WORK INSTRUCTIONS: Repeat each line of the data below exactly, but skip the pictures.

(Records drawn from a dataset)
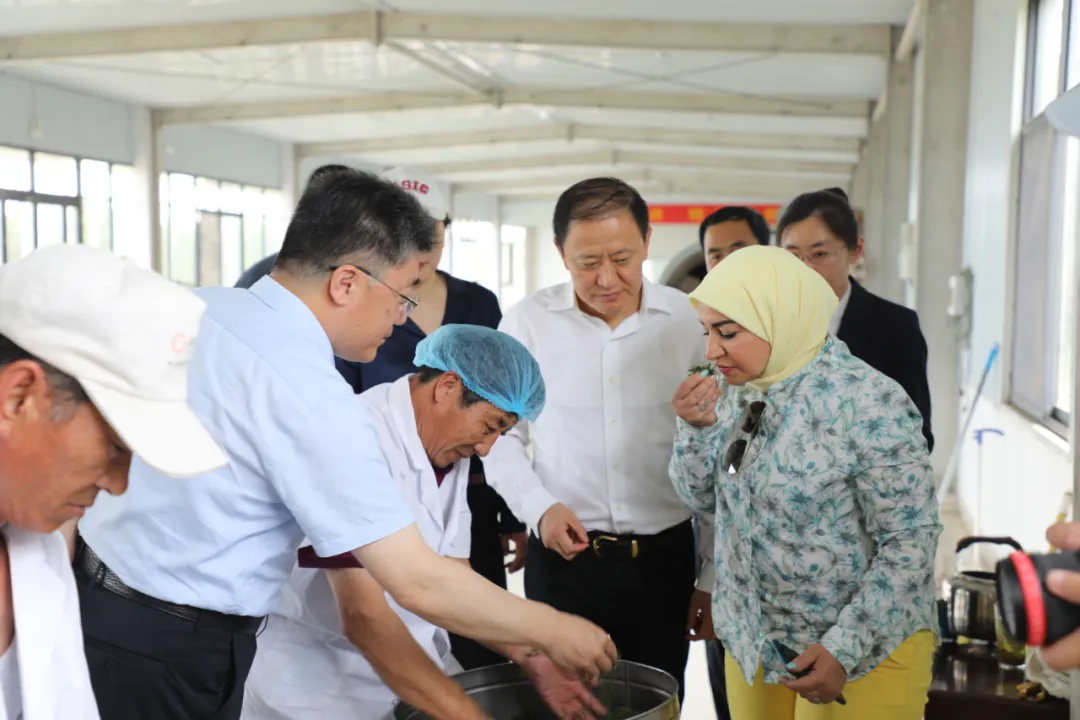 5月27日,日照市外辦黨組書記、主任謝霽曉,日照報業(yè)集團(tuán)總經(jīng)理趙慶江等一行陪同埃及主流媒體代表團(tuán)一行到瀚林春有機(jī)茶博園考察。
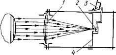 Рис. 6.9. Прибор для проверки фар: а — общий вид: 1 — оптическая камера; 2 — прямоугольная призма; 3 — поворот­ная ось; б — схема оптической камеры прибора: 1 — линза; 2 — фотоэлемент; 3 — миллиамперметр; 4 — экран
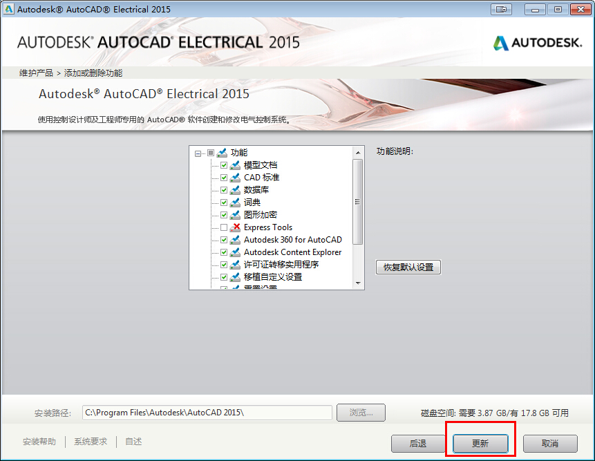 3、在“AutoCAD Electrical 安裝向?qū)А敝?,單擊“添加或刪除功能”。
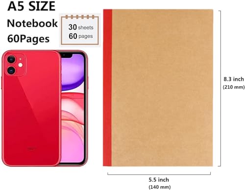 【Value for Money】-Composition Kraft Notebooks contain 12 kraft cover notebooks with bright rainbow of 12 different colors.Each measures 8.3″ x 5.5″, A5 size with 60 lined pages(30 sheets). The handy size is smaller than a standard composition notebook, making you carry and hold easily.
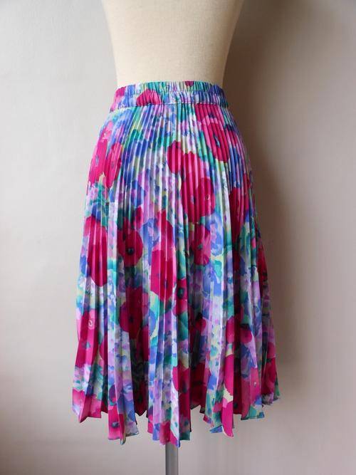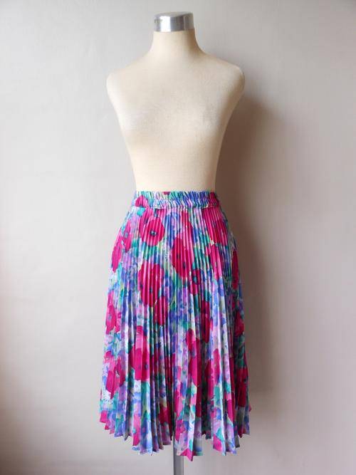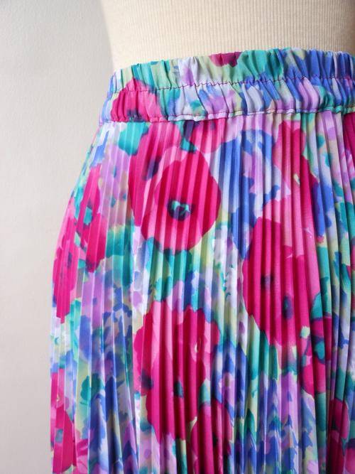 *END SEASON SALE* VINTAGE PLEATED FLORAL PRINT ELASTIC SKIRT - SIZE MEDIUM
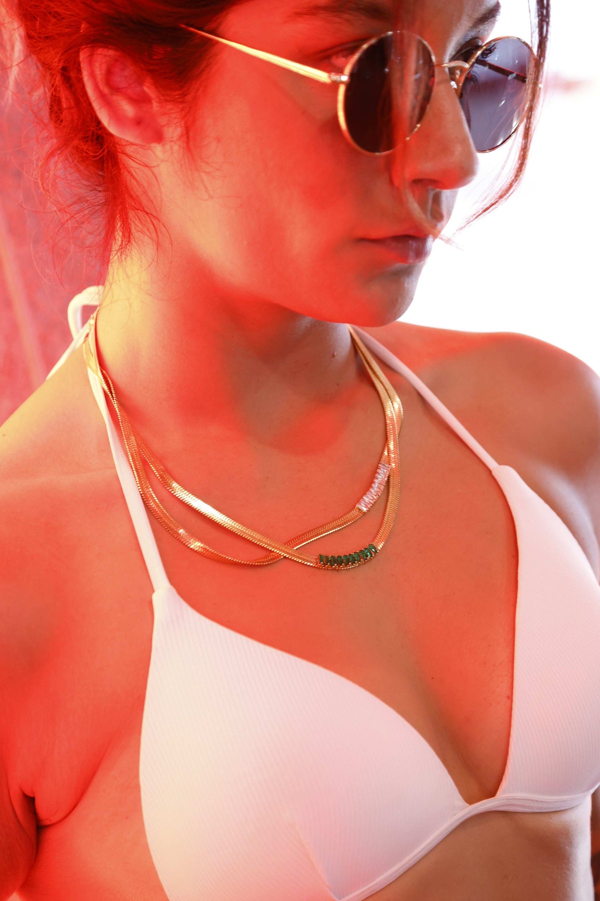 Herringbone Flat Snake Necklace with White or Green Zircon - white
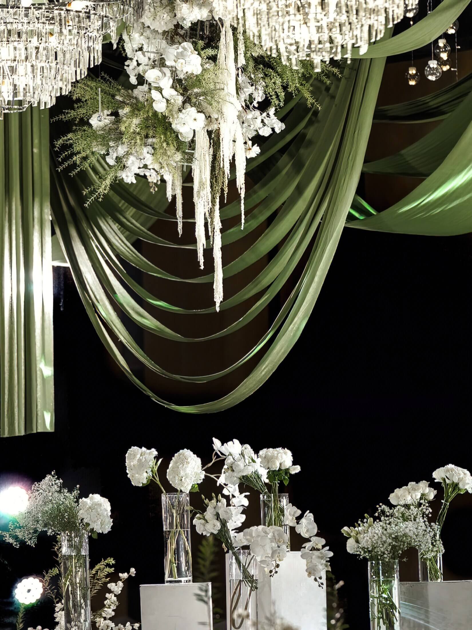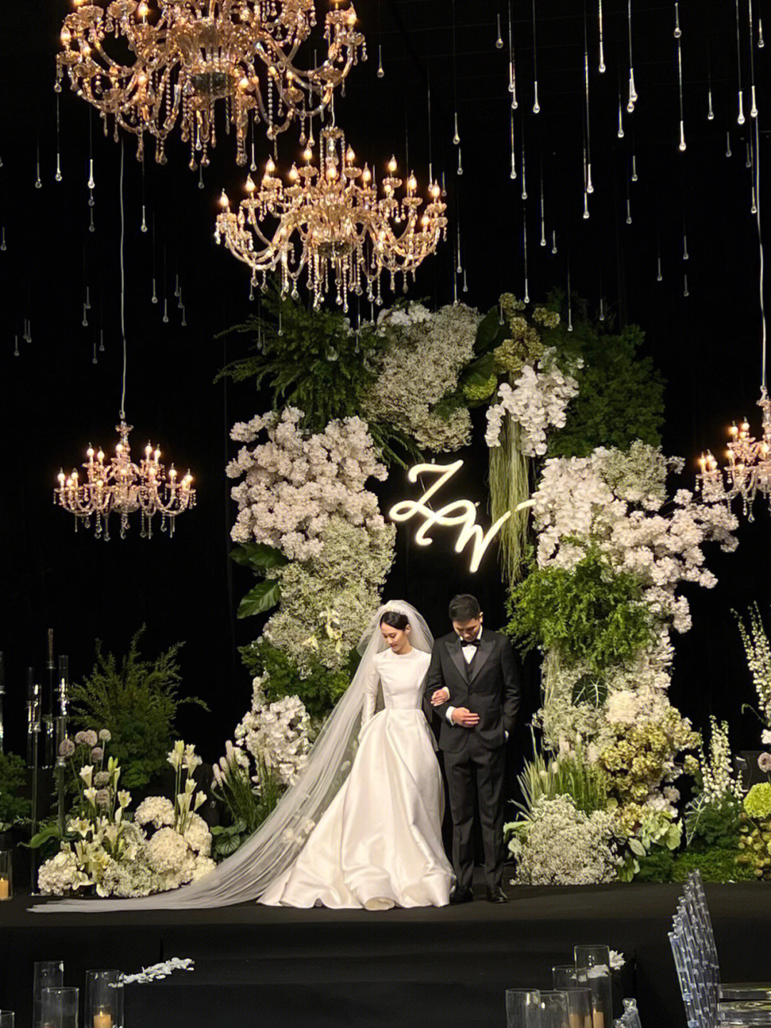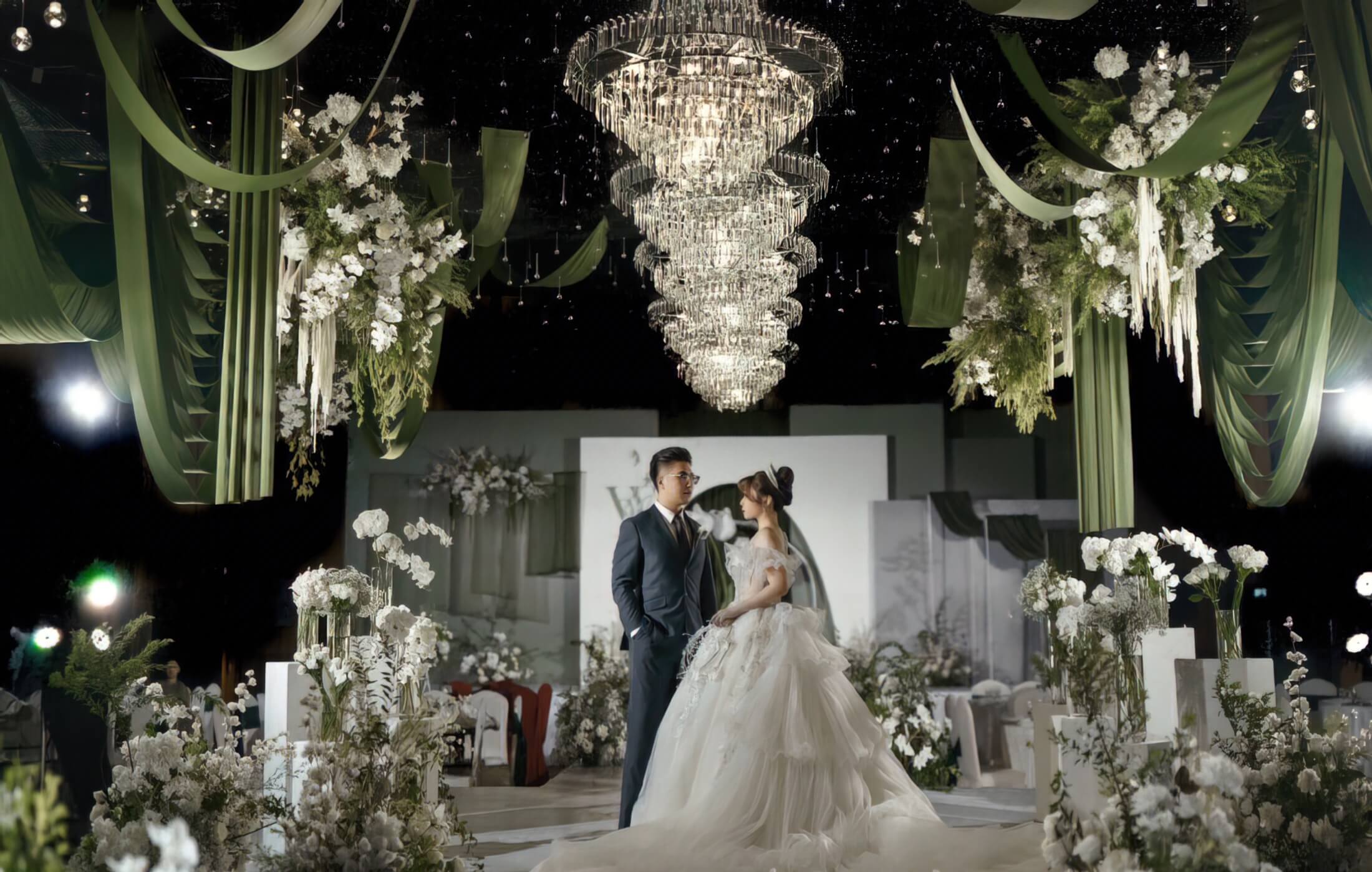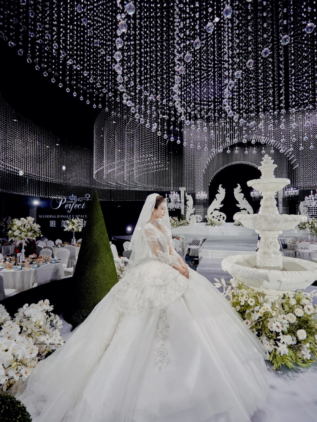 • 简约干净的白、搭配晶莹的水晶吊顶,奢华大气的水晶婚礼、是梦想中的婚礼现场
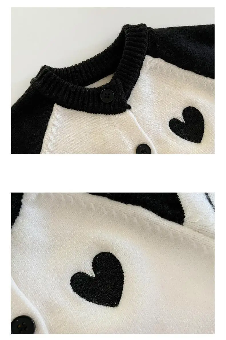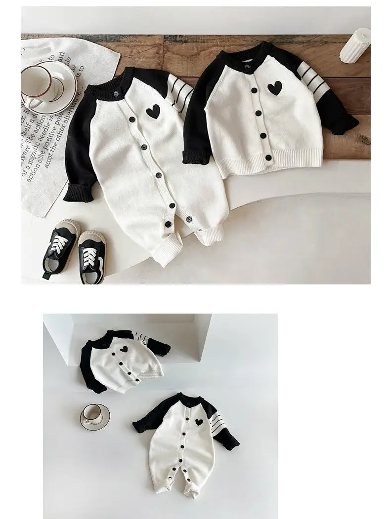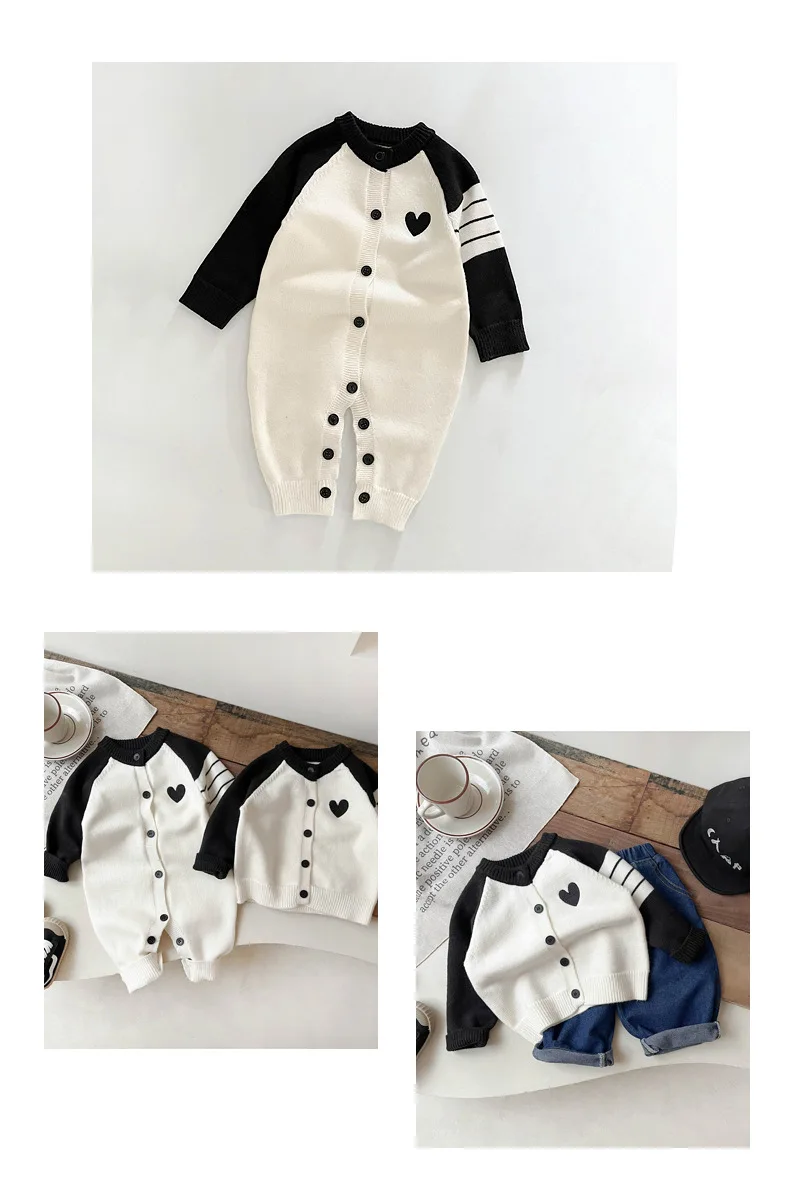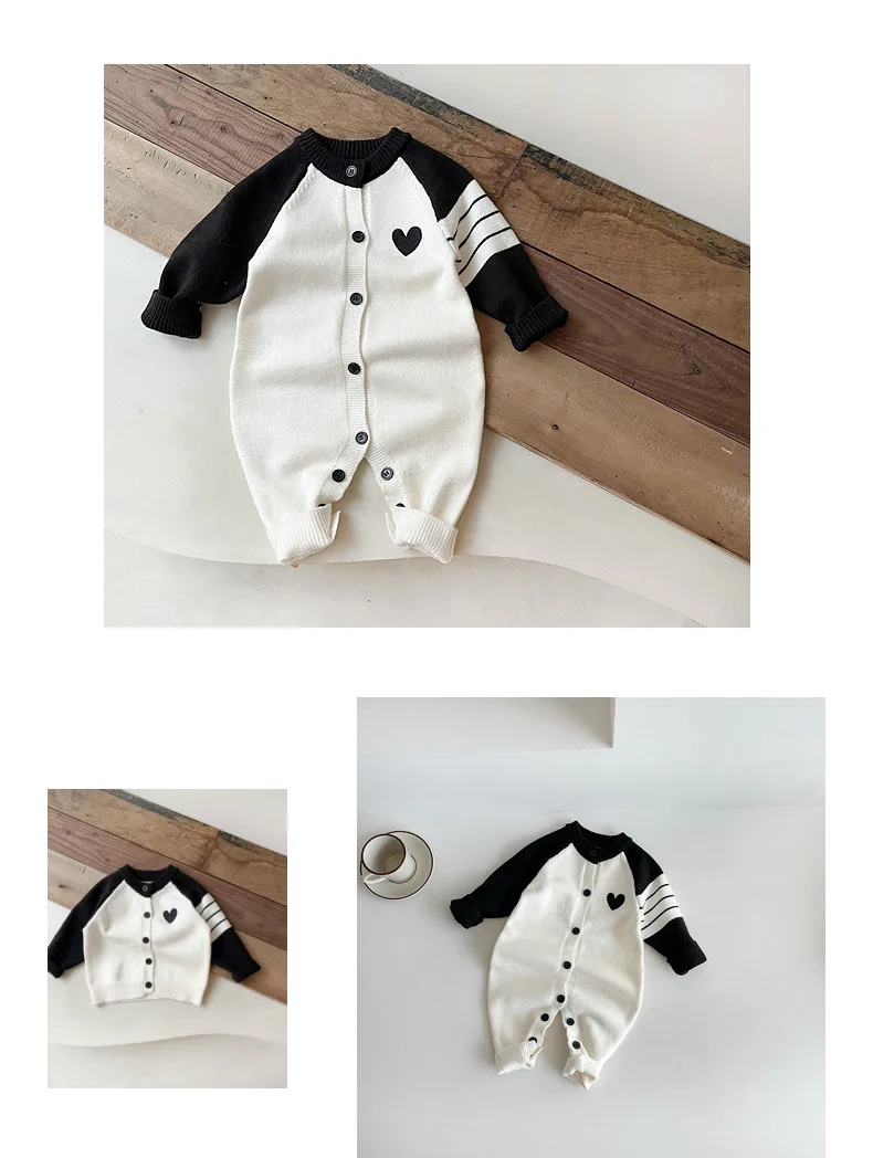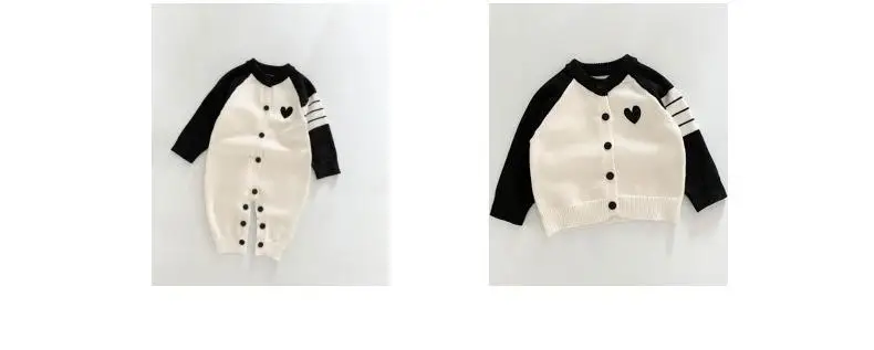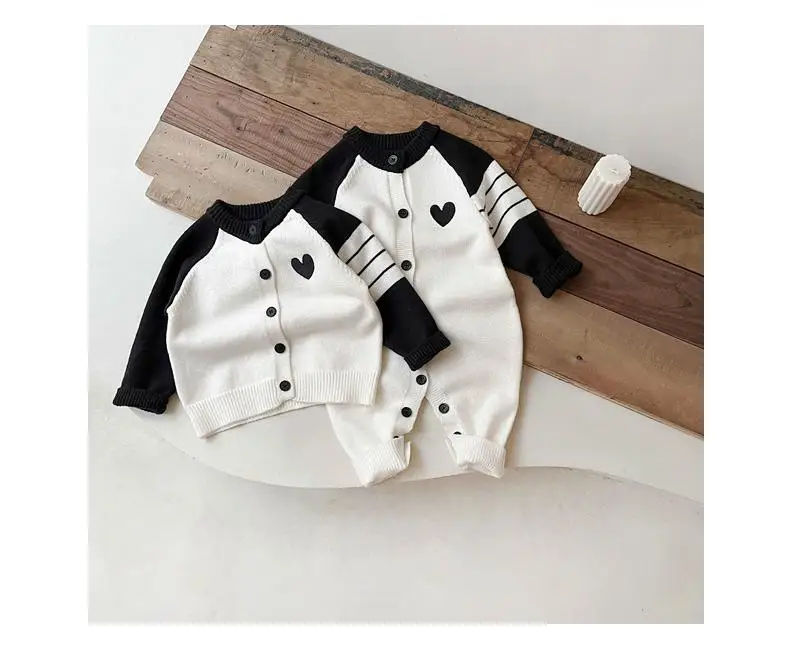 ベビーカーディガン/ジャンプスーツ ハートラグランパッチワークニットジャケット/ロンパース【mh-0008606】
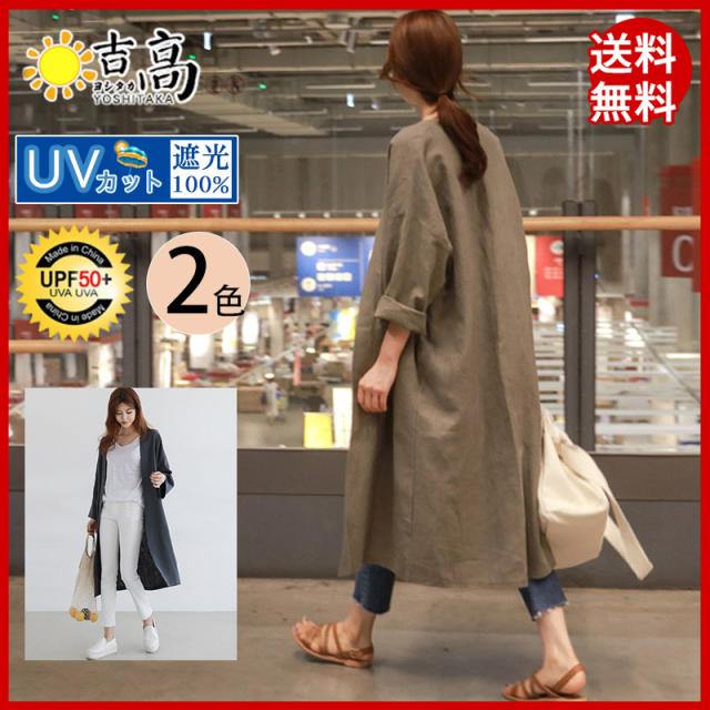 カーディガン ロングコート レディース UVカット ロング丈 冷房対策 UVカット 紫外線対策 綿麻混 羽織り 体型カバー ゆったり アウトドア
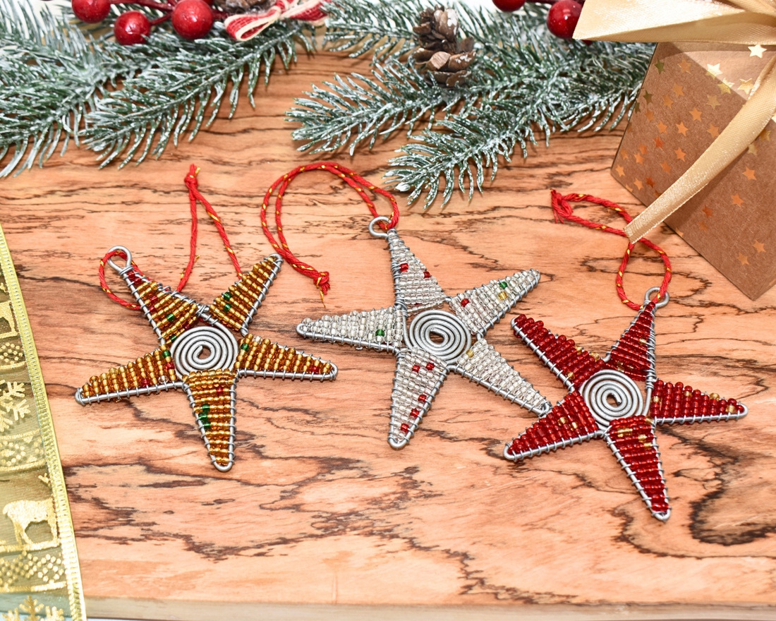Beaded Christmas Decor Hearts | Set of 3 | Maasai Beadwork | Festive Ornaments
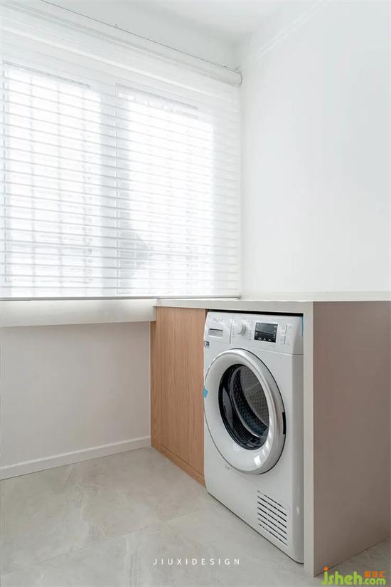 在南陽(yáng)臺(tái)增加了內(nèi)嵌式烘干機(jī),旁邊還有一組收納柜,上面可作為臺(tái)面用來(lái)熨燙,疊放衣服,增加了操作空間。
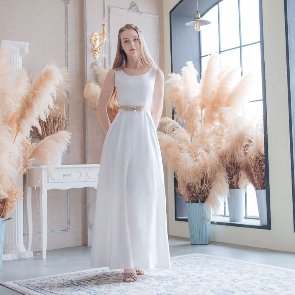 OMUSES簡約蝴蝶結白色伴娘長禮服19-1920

SOLUTION TO THIS PROBLEM:
 5月27日,日照市外辦黨組書記、主任謝霽曉,日照報業(yè)集團(tuán)總經(jīng)理趙慶江等一行陪同埃及主流媒體代表團(tuán)一行到瀚林春有機(jī)茶博園考察。
 Рис. 6.9. Прибор для проверки фар: а — общий вид: 1 — оптическая камера; 2 — прямоугольная призма; 3 — поворот­ная ось; б — схема оптической камеры прибора: 1 — линза; 2 — фотоэлемент; 3 — миллиамперметр; 4 — экран
 3、在“AutoCAD Electrical 安裝向?qū)А敝?,單擊“添加或刪除功能”。
 【Value for Money】-Composition Kraft Notebooks contain 12 kraft cover notebooks with bright rainbow of 12 different colors.Each measures 8.3″ x 5.5″, A5 size with 60 lined pages(30 sheets). The handy size is smaller than a standard composition notebook, making you carry and hold easily.
 *END SEASON SALE* VINTAGE PLEATED FLORAL PRINT ELASTIC SKIRT - SIZE MEDIUM
 Herringbone Flat Snake Necklace with White or Green Zircon - white
 • 简约干净的白、搭配晶莹的水晶吊顶,奢华大气的水晶婚礼、是梦想中的婚礼现场
 ベビーカーディガン/ジャンプスーツ ハートラグランパッチワークニットジャケット/ロンパース【mh-0008606】
 カーディガン ロングコート レディース UVカット ロング丈 冷房対策 UVカット 紫外線対策 綿麻混 羽織り 体型カバー ゆったり アウトドア
Beaded Christmas Decor Hearts | Set of 3 | Maasai Beadwork | Festive Ornaments
 在南陽(yáng)臺(tái)增加了內(nèi)嵌式烘干機(jī),旁邊還有一組收納柜,上面可作為臺(tái)面用來(lái)熨燙,疊放衣服,增加了操作空間。
 OMUSES簡約蝴蝶結白色伴娘長禮服19-1920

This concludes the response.